Unfortunately for most Forex traders, they tend to overlook an entire world of potential profit. After all, it’s not just the Euro, the British pound, the Japanese yen, or even the US dollar that people are trading. However, as Forex traders we have a unique insight as to what can move commodities, and most of us don’t even bother trading them!
The US dollar
Keep in mind that one of the biggest drivers of commodities is the value of the US dollar. This is because most commodities are traded in that currency. For example, if you are trying to buy barrels of crude oil, you are going to have to pay for them in US dollars. So if you think about it this way, if the US dollar is very strong in theory it should take less of those US dollars to buy that oil. Conversely, if the value of the US dollar is plummeting, it’s going to take more of those same US dollars to buy oil.
With that being the case, it can give you an idea as to where you could trade crude oil.

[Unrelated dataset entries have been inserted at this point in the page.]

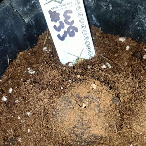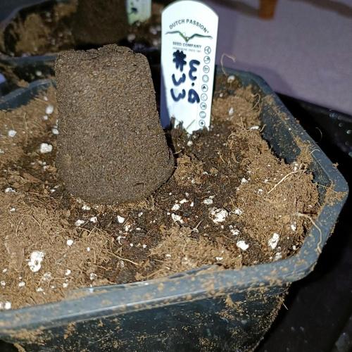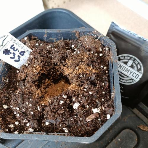 With my finger made a hole in the centre big enough for the root riot plug, (once the seed is germinated) Sprinkled in Dynamyco for plug hole.
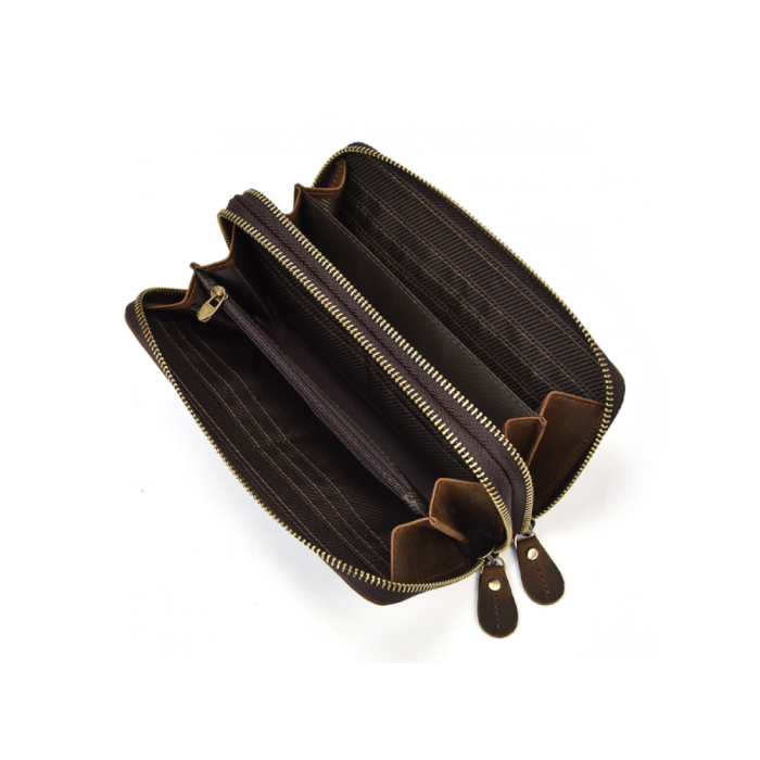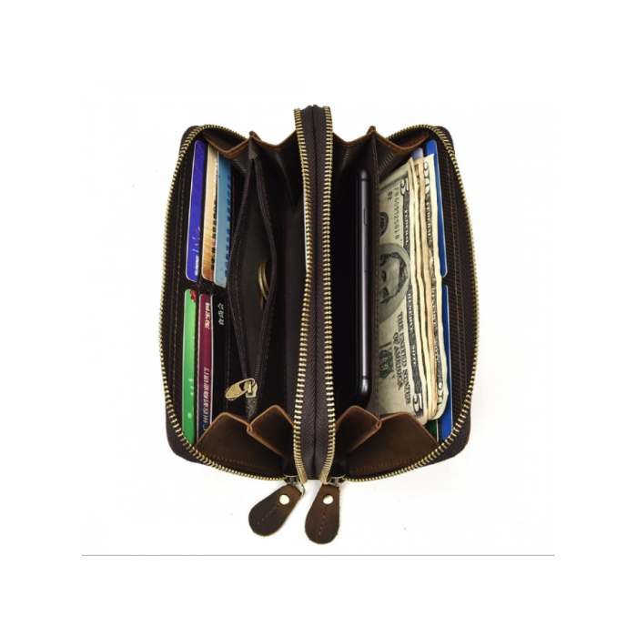 - 1й відділ: два одлела під купюри розділені кишенею на блискавці під дрібниця, 6 слотів під картки.
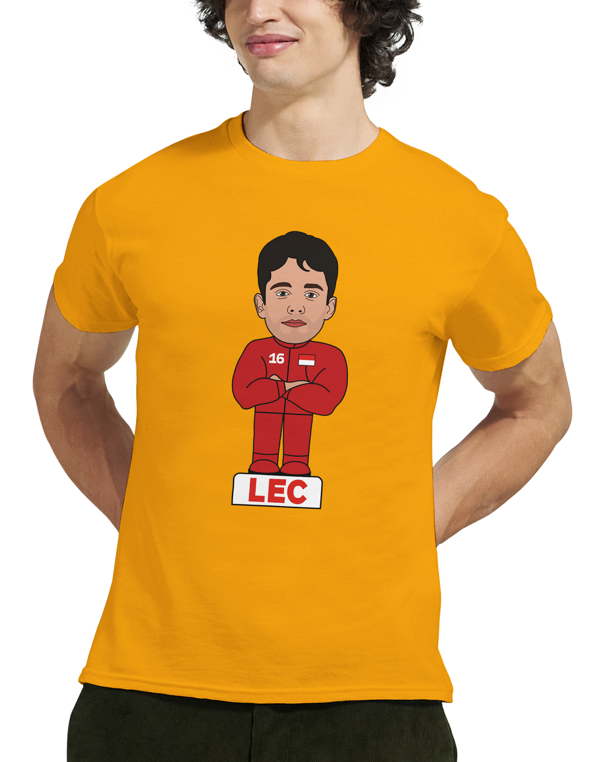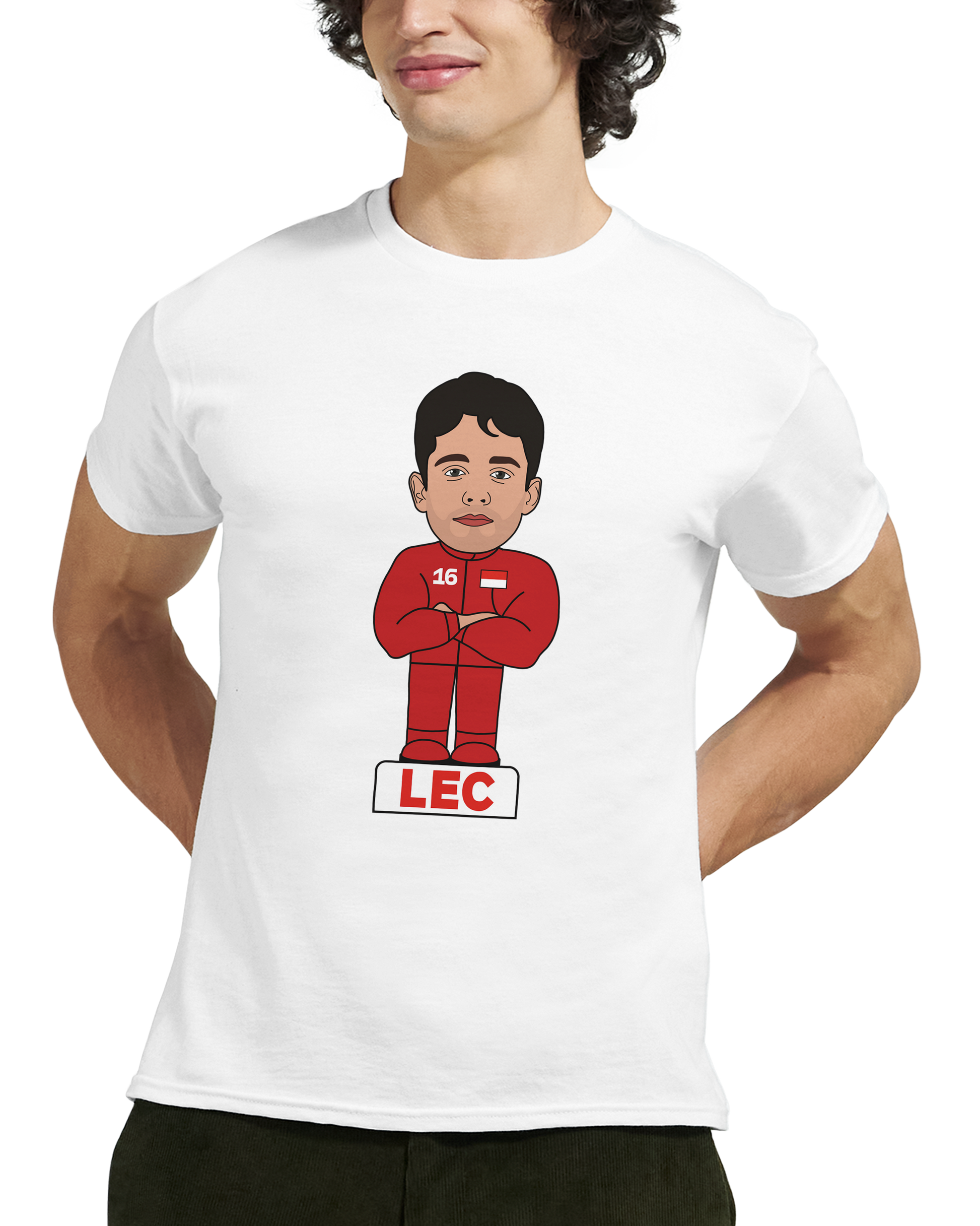 🏎️ A fun cartoon Charles Leclerc Formula 1 T-Shirt featuring his name icon and number.
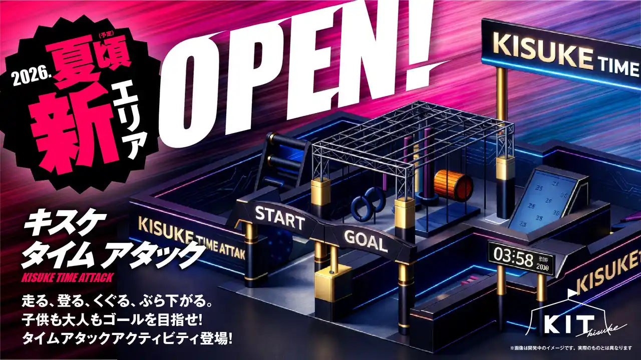 | キスケ株式会社が運営するキスケKITは、新エリア「KISUKE TIME ATTACK」を近日オープン予定です。本エリアは、近代五種の新種目として国際的に注目を集める障害物レース競技「Obstacle(オブスタクル)」に着想を得て開発を進める、体験型アトラクションです。世界で関心が高まる競技の魅力を、子どもから大人まで手軽に楽しめる形へと再構築し、キスケKITならではの新しい挑戦体験として展開します。 | |||
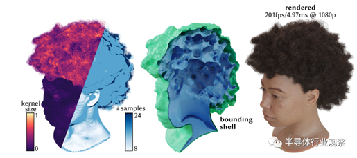第二個重要研究是由Nvidia發表的Adaptive Shells for Efficient Neural Radiance Field Rendering。神經輻射場(Neural Radiance Field,NeRF)和3D GS類似,都是可以通過場景的多角度圖片來完成場景的超高精度建模,并且其建模方式也是通過人工智能模型訓練的方法來完成。NeRF和3D GS的主要不同在于,其建模方法是通過神經網絡來完成,因此其渲染過程就是等價于神經網絡的推理過程。NeRF出現已經有了數年,但是直到今年Nvidia的研究發表,才真正實現了GPU上高幀率(100-200fps)的高質量NeRF渲染,因此今年可望是NeRF渲染真正進入實用的開始。
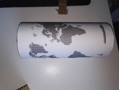 - Pour réaliser le cylindre nous avons avant tout découper deux (ou plus) disque de carton de 88mm de diamètre. Pour consolider le tout nous avons intégré quelques tiges de bois afin de réaliser la structure du cylindre. A chaque étage nous avons collé chaque tige à chaque bout de carton puis nous avons coller le planisphère en papier sur cette structure (pour cette application, un simple tube de colle blanche suffit). Pour finaliser ce cylindre il faut simplement mettre du scotch pour fixer ensemble les deux extrémités du planisphère.
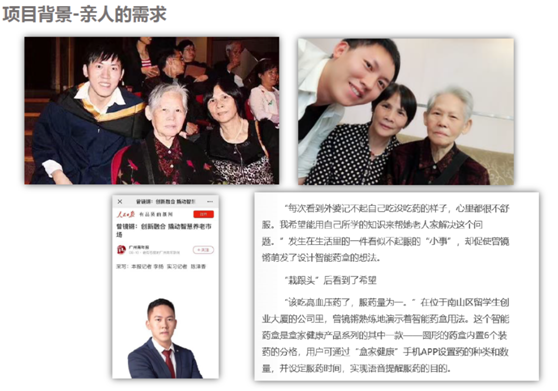 曾镜锵校友还向学弟学妹们讲述了自己创业的心路历程。他的创业动机源于自己的外婆,为了解决像自己外婆一样的老人们的服药问题,他萌生了做智慧药盒的创业念头。
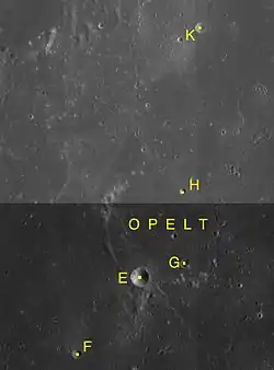 - Сателлитный кратер Опельт E включен в список кратеров с темными радиальными полосами на внутреннем склоне Ассоциации лунной и планетарной астрономии (ALPO)[4].
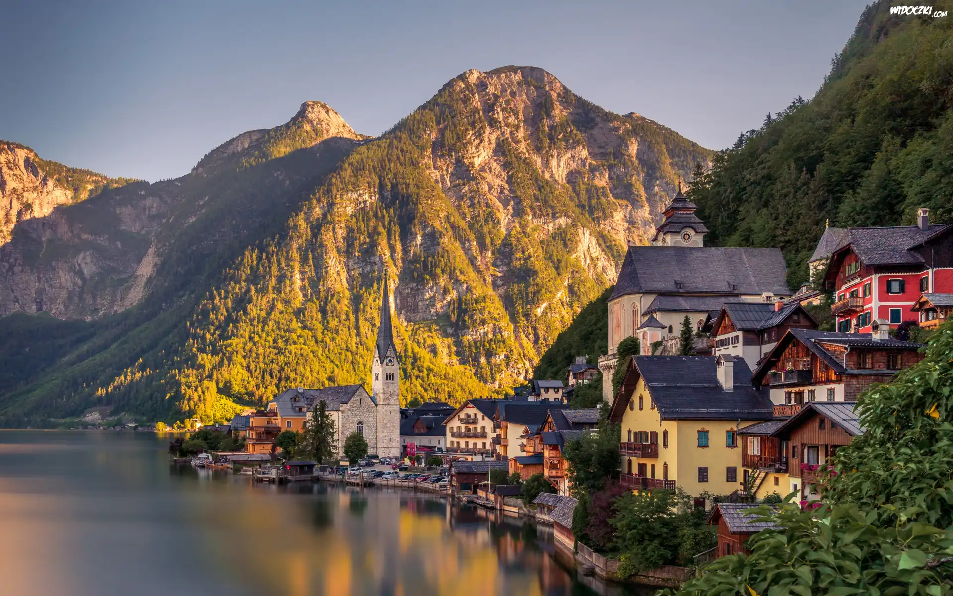 Zdjęcia, Zachód słońca, Góry, Jezioro Hallstattersee, Domy, Drzewa, Miasto, Hallstatt, Austria
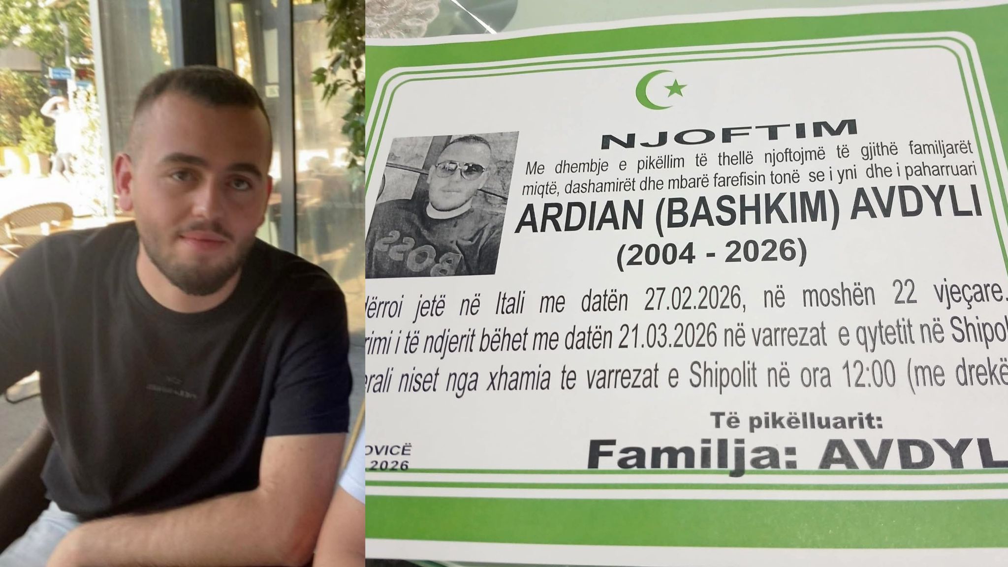 Do të varroset nesër Ardian Avdyli, 22-vjeçari i cili vdiq tragjikisht pas një aksidenti në Itali më 27 shkurt.
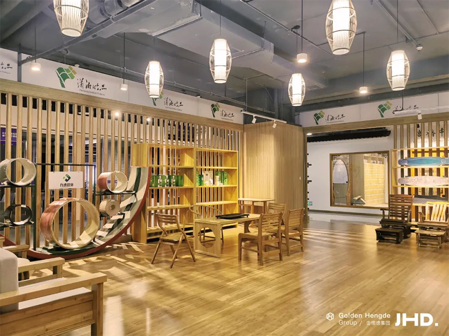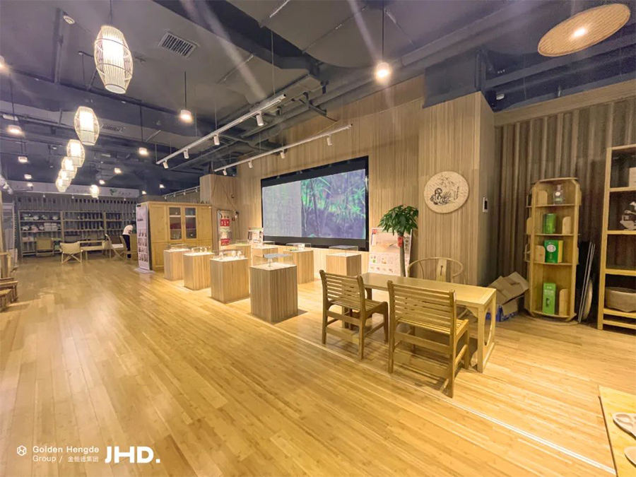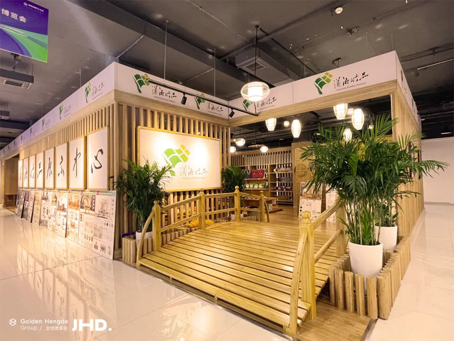 “近年來,資源豐富且綠色環保的竹材料有望替代木、塑料等成為新型的綠色加工原料。以竹代鋼的代表產品有下水管道,高速公路攔網鋼柱;以竹代木的代表產品有竹家具、竹紙;以竹代糧的代表產品有竹筍、竹酒;以竹代塑的代表產品有一次性餐具、竹纖維服裝、下水管道等。本項目使用的裝飾材料及展品基本由”竹元素”材料制作,重點展示了竹元素的可塑性及推廣必要。
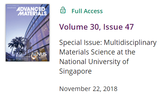 比如Adv. Mater.在2018年的volume 30,issue47中以“Multidisciplinary Materials Science at the National University of Singapore”为主题介绍了新加坡国立大学的功能性无机,有机和聚合物纳米材料的工程学多学科,在生物医学,可穿戴电子学,光子学,能源和环境可持续性等方面的应用。
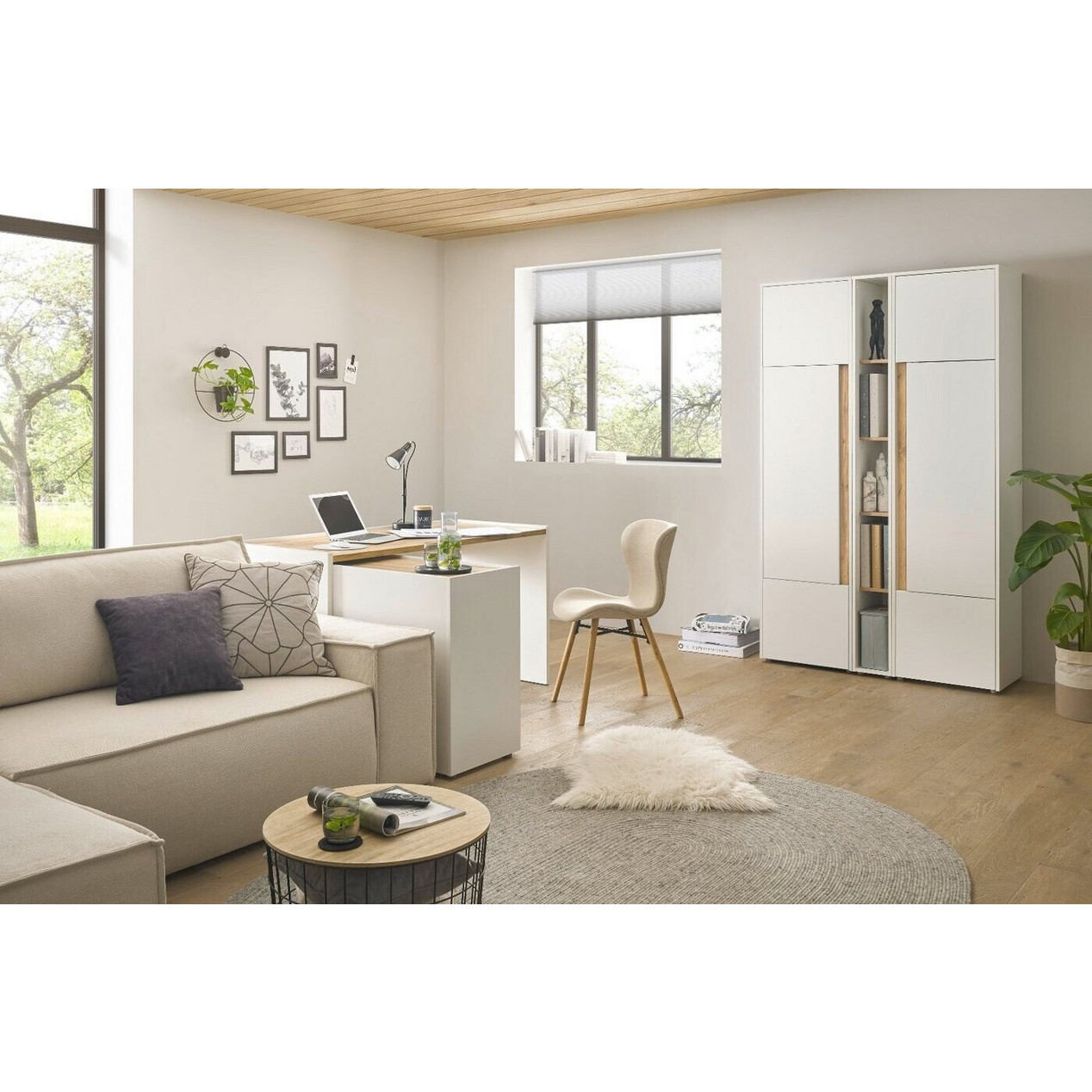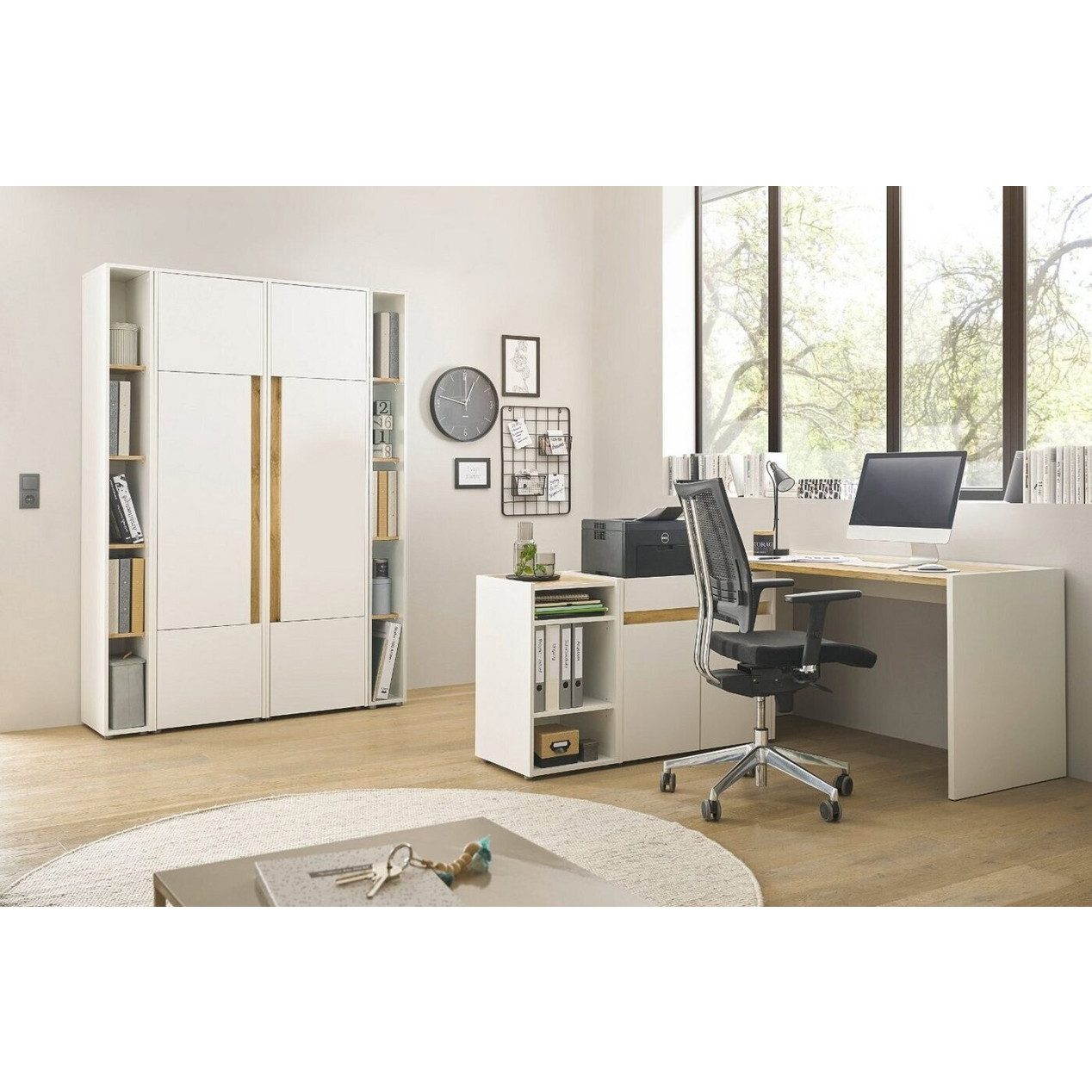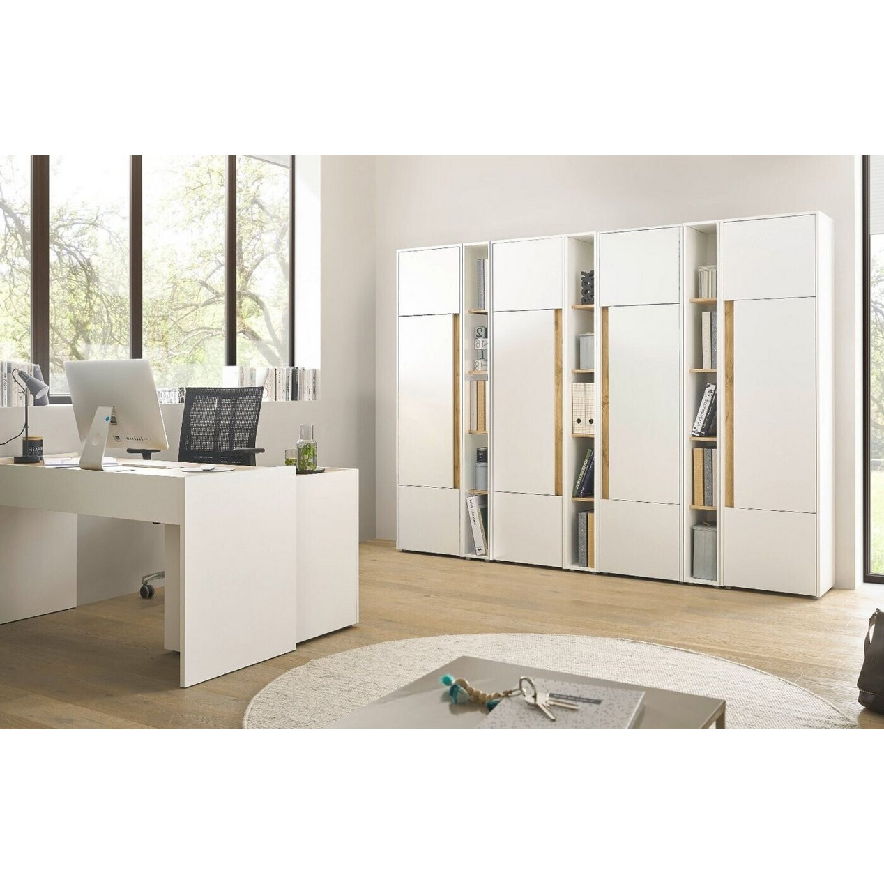 Entdecken Sie das stilvolle und funktionale Furn.Design Aktenschrank Set, das vier Stauraumschränke und drei Regale in einem eleganten Weiß und der ansprechenden Wotan Eiche bietet. Dieses Set ist ideal für Ihr Büro oder Home-Office und sorgt für Ordnung und Übersichtlichkeit.

You could see the same thing about corn, sugar, coffee, and any other commodity that is traded in US dollars. (While there are some markets that allow other currencies to be used to pay for a commodity, you would be hard-pressed to find them.)
Commodities trade just like anything else
Commodities trade very similar to other markets. For example, support and resistance is the same, as well as technical analysis. Since Forex is such a technically driven marketplace, it gives you a bit of a head start when it comes to trading other markets. Forex traders are well known for being some of the most technical in the world, so it makes sense that it translates quite nicely.
Each commodity has a little bit of its own unique personality, but in the end the similarities far outweigh the differences. For example, I find that gold tends to move in $25 increments. Crude oil tends to move in $10 increments. That doesn’t mean that it has to, just that more often than not it will. If you take a chart out, and put lines at those increments, you will see what I mean. $50 means a lot in crude oil, and so does $60. Gold markets are interested in the $1200 level, the $1225 level, the $1250 level, and so on.
Keep in mind that there are a lot of different brokerages that you can use to trade commodities. There are futures brokerages, which of course are highly regulated but they are also very expensive for some traders, as futures markets tend to take much more margin than what you may be used too. If you have a $2000 market you have no business trading futures. However, you can trade contract for difference markets, which are quite often offered by Forex brokers.
The main difference is your account size. Yes, futures markets are very open and transparent, but you also have trouble trading very small positions like you do in the CFD market. It comes down to what you believe fits your personality and more importantly your trading capital when it comes to trading these markets.
Make sure that
firm is regulated, which most of them will be. There are some brokerages that offer futures and Forex, which again, if you have enough money available, then you can take advantage of this situation. Ultimately this is a market that you should be paying attention to, because you already have a head start compared to most new traders.
Your first move
Your first move of course is to open a demo account. Keep in mind that futures brokerages tend to offer limited demos, so you may have to try several. It’s not uncommon for a brokerage to offer a 14 day trial. With that in mind, it does limit the ability to demo. Most CFD brokerage firms offer longer trials. This is because there is a data fee that brokerages get charged from the CME or the CBOT for example.
By taking the time to demo trade, you can eliminate a lot of the pain associated with the learning curve. However, if you are a technical trader, its likely that it won’t take you long to adjust to these markets. You will find that some are more technical than others, for example gold and oil. At the end of the day, there are a lot of opportunities out there for traders to profit, and by entering the commodities sector, you are adding yet another tool to your tool box when it comes to investing.